* Exercise description: Return the entries below in their exact form, leaving the pictures out.

"""

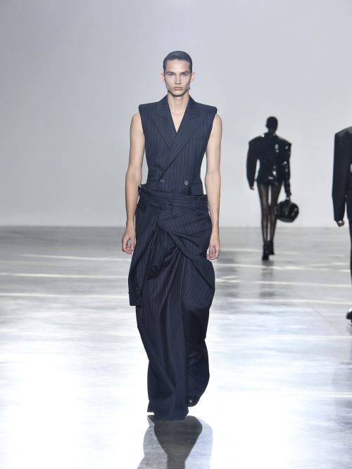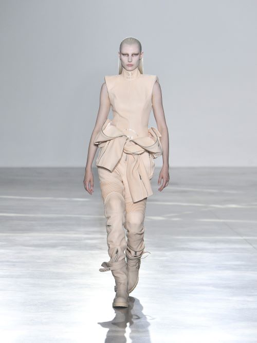 ‘준지’는 이번 시즌 테마를 ‘SKIN’으로 잡고 콘트라스트의 아름다움을 선보였다. 마치 몸을 연상시키는 스키니한 실루엣의 옷들과 비틀어지거나 과장된 볼륨의 아이템을 믹스해 실루엣의 대비를 극대화했다.
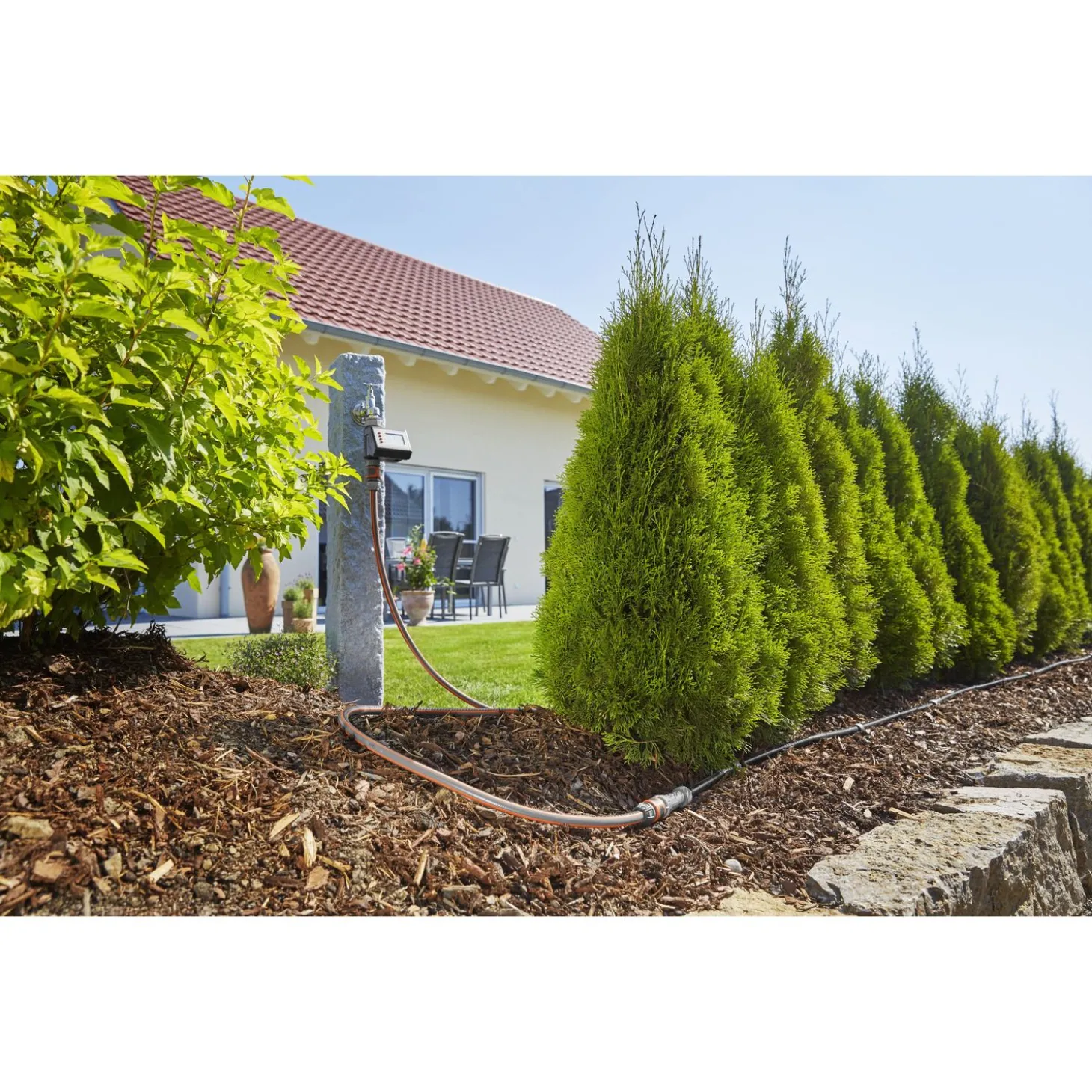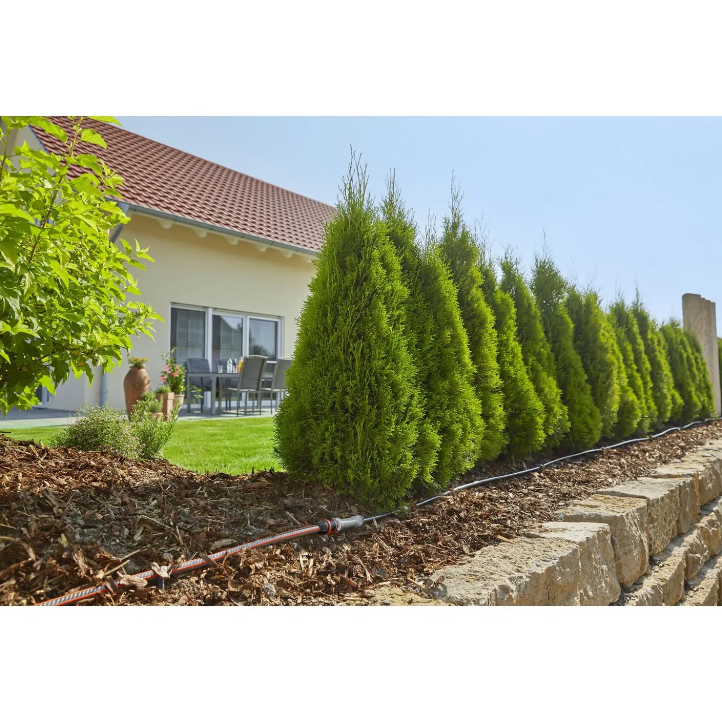 De drukreducerende Master-unit is via de slang aan te sluiten op de kraan. De druppelbuis is om de 30 cm uitgerust met zelfreinigende druppelaars voor een gelijkmatige besproeiing. Je kunt hiermee ongeveer 25 meter heg voorzien van water. De set kan worden uitgebreid tot 100 meter met de uitbreidingsset 13131-20.
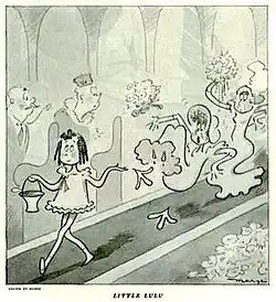 In 1934, The Saturday Evening Post requested Buell to create a strip to replace Carl Anderson's Henry.[4] Buell created a little girl character in place of Henry's little boy as she believed "a girl could get away with more fresh stunts that in a boy would seem boorish". The first single-panel installment ran in the Post on February 23, 1935; in it, Lulu appears as a flower girl at a wedding and strews the aisle with banana peels. The single-panel strip continued in the Post until the December 30, 1944, issue, and continued from then as a regular comic strip.[5] Buell retained the rights, unusual for the time. Buell marketed Little Lulu widely throughout the 1940s. Buell herself ceased drawing the strip in 1947, and in 1950 Little Lulu became a daily syndicated by Chicago Tribune–New York News Syndicate and ran until 1969.[6] After she stopped drawing the strip, Buell herself drew Lulu only for the lucrative Kleenex advertisements.[7]
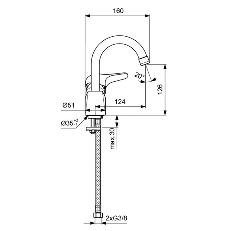• Высота смесителя:
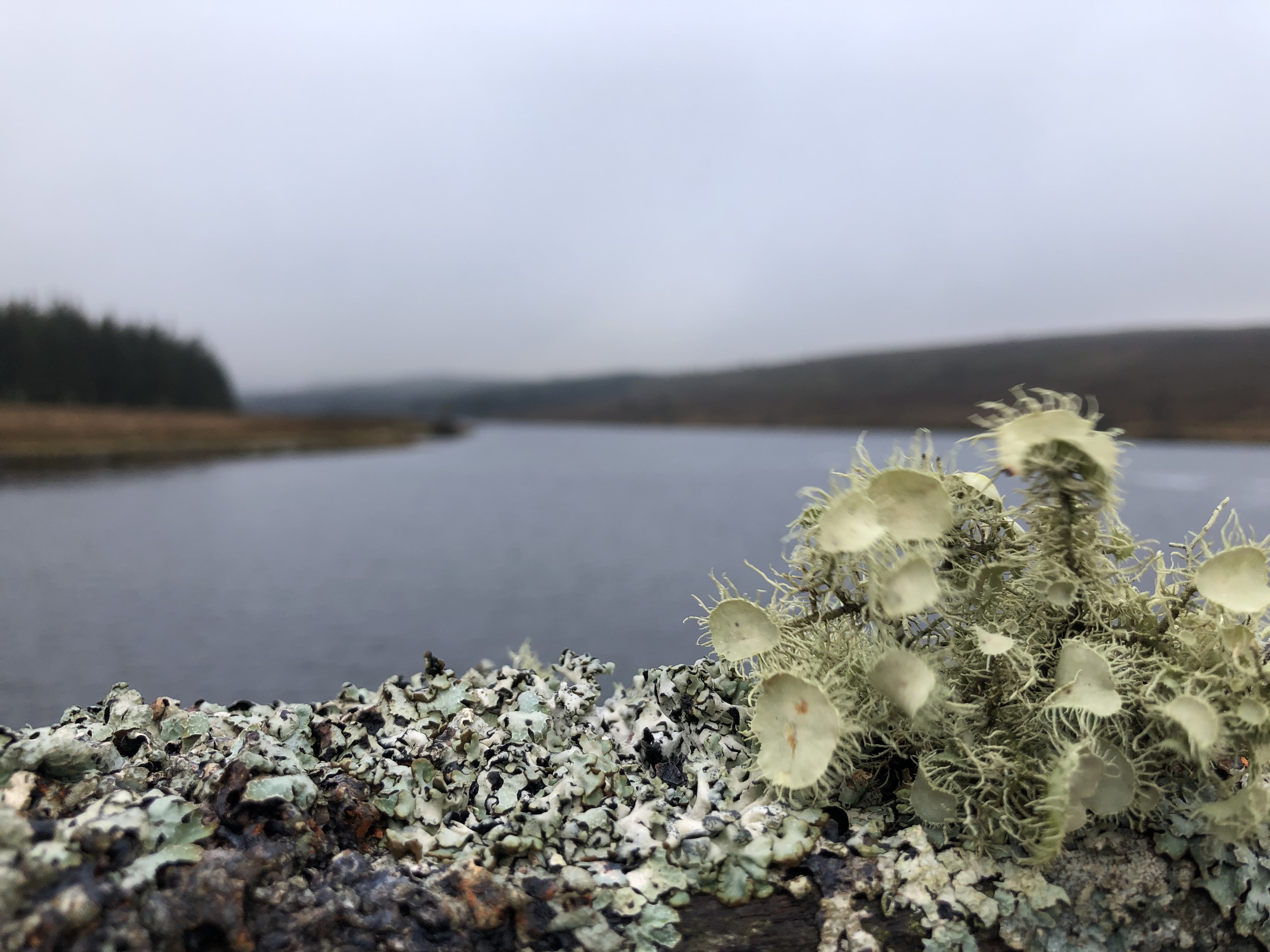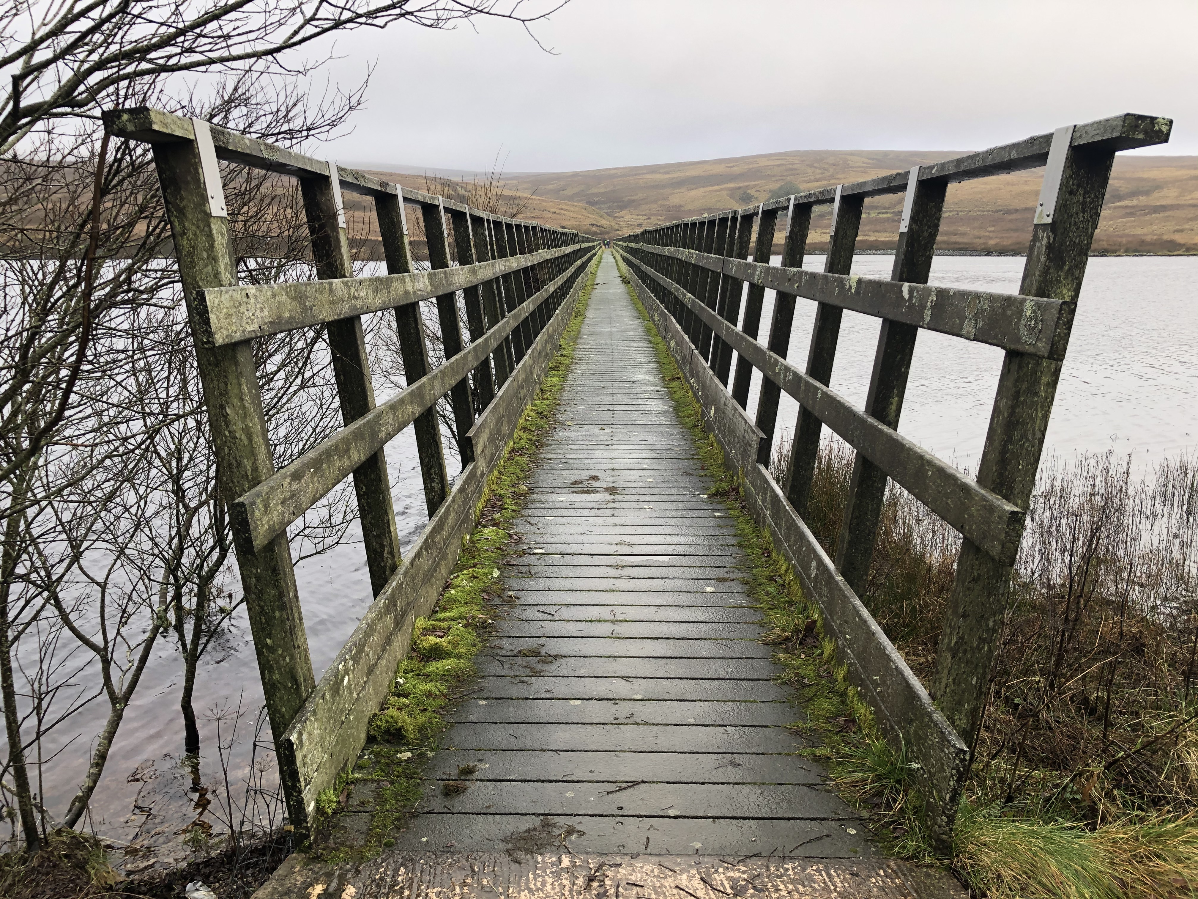 Leaving the old house behind and rejoining the narrow track we crossed a narrow part of the reservoir over a rickety wooden bridge. At this time of year the wood of the bridge is infested with lichen and it makes for an interesting walk through a pale green, windy passageway.
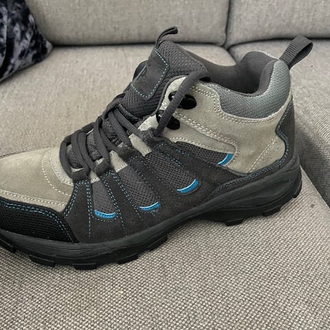 Tursko med høy ankelstøtte i størrelse 38. Skoene har snøring foran og mønstret yttersåle som gir godt grep på variert underlag. Overdelen er i blå og grå tekstil med syntetiske forsterkninger. Modellen passer til tur og fritidsbruk i ulike værforhold. Innvendig fôr gir økt komfort rundt fot og ankel.

"""

* Your solution:
 ‘준지’는 이번 시즌 테마를 ‘SKIN’으로 잡고 콘트라스트의 아름다움을 선보였다. 마치 몸을 연상시키는 스키니한 실루엣의 옷들과 비틀어지거나 과장된 볼륨의 아이템을 믹스해 실루엣의 대비를 극대화했다.
 De drukreducerende Master-unit is via de slang aan te sluiten op de kraan. De druppelbuis is om de 30 cm uitgerust met zelfreinigende druppelaars voor een gelijkmatige besproeiing. Je kunt hiermee ongeveer 25 meter heg voorzien van water. De set kan worden uitgebreid tot 100 meter met de uitbreidingsset 13131-20.
 In 1934, The Saturday Evening Post requested Buell to create a strip to replace Carl Anderson's Henry.[4] Buell created a little girl character in place of Henry's little boy as she believed "a girl could get away with more fresh stunts that in a boy would seem boorish". The first single-panel installment ran in the Post on February 23, 1935; in it, Lulu appears as a flower girl at a wedding and strews the aisle with banana peels. The single-panel strip continued in the Post until the December 30, 1944, issue, and continued from then as a regular comic strip.[5] Buell retained the rights, unusual for the time. Buell marketed Little Lulu widely throughout the 1940s. Buell herself ceased drawing the strip in 1947, and in 1950 Little Lulu became a daily syndicated by Chicago Tribune–New York News Syndicate and ran until 1969.[6] After she stopped drawing the strip, Buell herself drew Lulu only for the lucrative Kleenex advertisements.[7]
• Высота смесителя:
 Leaving the old house behind and rejoining the narrow track we crossed a narrow part of the reservoir over a rickety wooden bridge. At this time of year the wood of the bridge is infested with lichen and it makes for an interesting walk through a pale green, windy passageway.
 Tursko med høy ankelstøtte i størrelse 38. Skoene har snøring foran og mønstret yttersåle som gir godt grep på variert underlag. Overdelen er i blå og grå tekstil med syntetiske forsterkninger. Modellen passer til tur og fritidsbruk i ulike værforhold. Innvendig fôr gir økt komfort rundt fot og ankel.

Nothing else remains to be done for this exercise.